One thing I forgot to do this trip was to make sure I booked aisle seats. On these short flights it wasn't too bad but I seriously dislike sitting in-between strangers. On two of my flights this trip (because I can never travel with under four flights roundtrip) I actually sat by the window for the first time in... seven years or so? Since I started traveling alone I just prefer sitting on the aisle so I'm not stuck and I don't have to bother anyone to move. I'd forgotten what it is like to look at the world from such great heights. I especially like watching highways and seeing the cars merge and separate, seemingly so seamlessly.

I really enjoyed my rental car. It accelerated so smoothly I had to be careful because I'd hit 80 mph without (totally) realizing it. I noticed I didn't get tailgated so much this trip, without PA license plates. (I guess my greater confidence with high speeds might alos have had something to do with this.)

This was the first time I'd used a GPS. It was very strange, listening to a disembodied voice telling me where to go. I have to say, though, I didn't get lost at all. So that was pretty awesome. In a way, it was comforting to have another voice in the car as I navigated around.

When I got to RDU this morning, I tried to remember if it looks at all the same as it did all those years ago when my family left the States for the first time. Honestly, I don't can't remember. I do remember that when I was very, very small, we could go with my dad to the gate and sit with him until his plane took off.

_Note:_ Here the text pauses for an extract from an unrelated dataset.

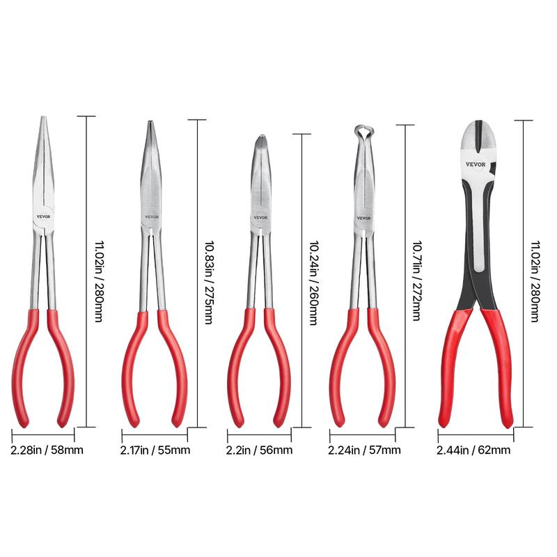 • 5-Piece Long Needle Nose Pliers: This 5-piece long needle nose pliers set includes diagonal cutting pliers, 45° bent nose pliers, 90° bent nose pliers, round nose pliers, and long nose pliers. With various jaw shapes, this set allows you to tackle multiple tasks without constantly switching tools, saving you time and effort.

It's hard to believe it now.

My aunt remembers the day we flew out of Raleigh to meet the world. "Your dad was going nuts trying to check all your bags," she chuckled. And I remembered the crazy luggage we had. The requirements were different then, and we had at least five trunks and as many suitcases, a combination that added up to twelve, two checked pieces per person, even my brother who was a day away from four years old. I was terrified that somehow we would lose him, and I kept him and my sisters close to me.

Oh that luggage. It was the culmination of months of sorting and weighing and much heartbreak that I only dimly knew at that time. How do you figure out what to take half-way around the world to a place you've never been, with four small children who need some sort of stability? (And now it's mirrored in the question, what do you take back?) What is worth keeping? How important are things? I wonder this still.

My journey from Raleigh today was quite different. Just me and my two small carryon bags. Tracing my way through the sky towards school and work and decisions about the future. This is just another time when I wish I could stay in limbo. In life, there's not a clear destination. Sometimes this terrifies me. I waited on the tarmac for the earth to fall away, effortless and beautiful. I could be going anywhere. I just might.